Le XIII° s. prolongera cette ouverture par le Motet à 3 puis 4 voix.
Dans le même temps, les Troubadours, au Sud de la France, les Trouvères, au Nord, et les Minnesänger, en Allemagne, composaient et jouaient des pièces profanes autour du grand thème de l’amour courtois.
Les ensembles de musique ancienne sont confrontés à l’inconnu de l’interprétation de ces manuscrits.
Pas si inconnue, car il existe des traités assez détaillés permettant de les décoder. Cependant, le passage de l’écrit à l’oral est toujours une interprétation, et même une recréation.
Si les paroles et les notes de musique sont déchiffrables, les instruments sont rarement indiqués. Il faut donc se reporter à l’iconographie, qui est abondante.
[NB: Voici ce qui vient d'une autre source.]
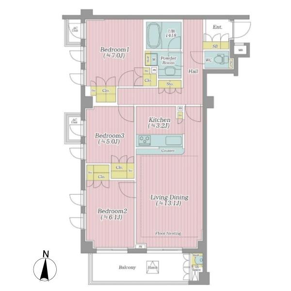 3LDKの間取りは各洋室のサイズバランス、LDKも含めきれいな形状に好印象を持っています。

Ceci explique les différences notables entre les différents ensembles, avec plus ou moins de liberté prise concernant les doublures des voix chantées, les reprises instrumentales des mélodies chantées, et toute l’ornementation. C’est ce qui rend vivante et passionnante cette musique du passé !
Avant d’aborder Adam de la Halle, un des derniers Trouvères, je vous propose une pièce anonyme connue de mes anciens élèves de Ryméa : Alle, Psallite cum Luya. La version choisie est une très bonne illustration du passage de la monodie grégorienne à la polyphonie avec les 2 voix en Quintes parallèles, dans l’introduction, et de l’apport dynamique des instruments, généralement dédiés à la danse.
Montpellier Codex – Montectum triplum: « Alle psallite cum luya »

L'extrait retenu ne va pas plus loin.